TASK INSTRUCTIONS:
Take every line from the listing below that contains "This".

(RECORDS SUPPLIED Opens)

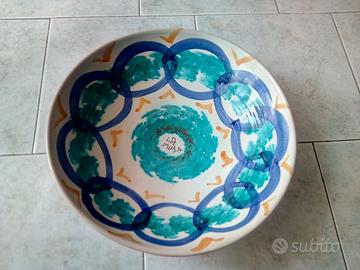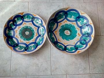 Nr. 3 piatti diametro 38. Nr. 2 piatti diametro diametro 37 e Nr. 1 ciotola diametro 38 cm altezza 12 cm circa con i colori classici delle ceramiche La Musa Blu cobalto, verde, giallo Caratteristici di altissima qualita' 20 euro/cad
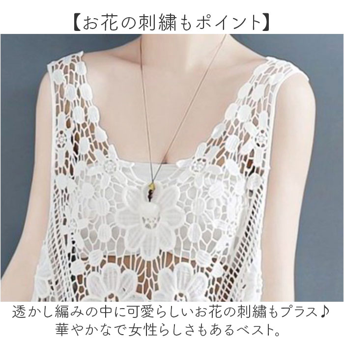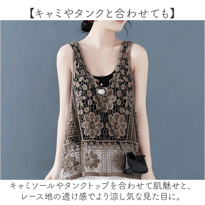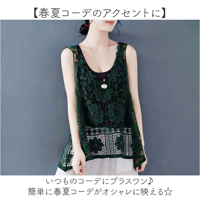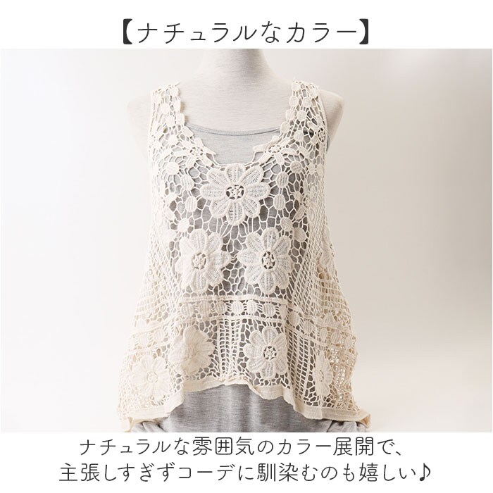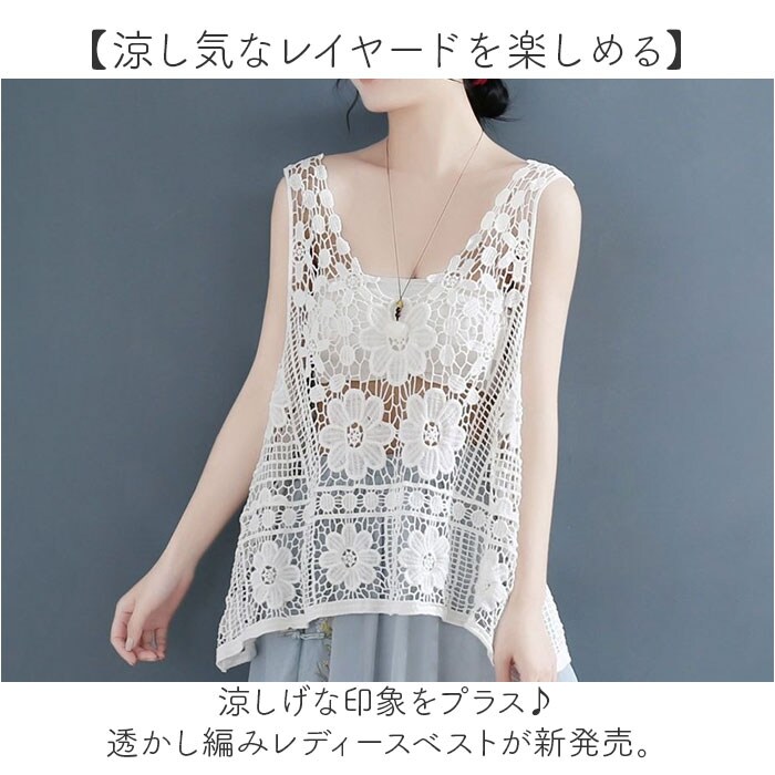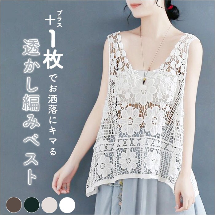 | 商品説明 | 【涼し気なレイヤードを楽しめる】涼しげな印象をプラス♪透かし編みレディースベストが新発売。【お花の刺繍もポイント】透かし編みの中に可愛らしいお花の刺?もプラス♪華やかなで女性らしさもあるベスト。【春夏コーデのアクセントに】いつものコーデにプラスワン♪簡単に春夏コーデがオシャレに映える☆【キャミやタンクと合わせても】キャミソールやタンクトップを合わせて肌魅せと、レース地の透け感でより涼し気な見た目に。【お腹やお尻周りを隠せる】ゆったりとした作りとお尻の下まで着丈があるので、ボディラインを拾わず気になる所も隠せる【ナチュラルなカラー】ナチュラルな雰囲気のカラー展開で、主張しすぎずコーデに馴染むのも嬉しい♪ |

(RECORDS SUPPLIED Closes)
(RECORDS SUPPLIED Opens)

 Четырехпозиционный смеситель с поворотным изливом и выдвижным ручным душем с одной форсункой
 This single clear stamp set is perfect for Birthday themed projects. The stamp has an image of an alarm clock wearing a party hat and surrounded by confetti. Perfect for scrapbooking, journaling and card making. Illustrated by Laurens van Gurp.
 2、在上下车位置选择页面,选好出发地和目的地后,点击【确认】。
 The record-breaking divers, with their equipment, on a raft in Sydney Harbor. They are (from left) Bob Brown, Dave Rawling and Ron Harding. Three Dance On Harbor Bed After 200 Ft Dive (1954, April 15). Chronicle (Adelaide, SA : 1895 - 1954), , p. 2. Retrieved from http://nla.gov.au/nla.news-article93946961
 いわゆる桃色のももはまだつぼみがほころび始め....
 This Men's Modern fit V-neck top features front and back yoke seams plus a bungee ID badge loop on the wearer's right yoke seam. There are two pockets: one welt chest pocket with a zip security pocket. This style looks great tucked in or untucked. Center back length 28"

(RECORDS SUPPLIED Closes)

SOLUTION TO THE PROBLEM:
 This single clear stamp set is perfect for Birthday themed projects. The stamp has an image of an alarm clock wearing a party hat and surrounded by confetti. Perfect for scrapbooking, journaling and card making. Illustrated by Laurens van Gurp.
 This Men's Modern fit V-neck top features front and back yoke seams plus a bungee ID badge loop on the wearer's right yoke seam. There are two pockets: one welt chest pocket with a zip security pocket. This style looks great tucked in or untucked. Center back length 28"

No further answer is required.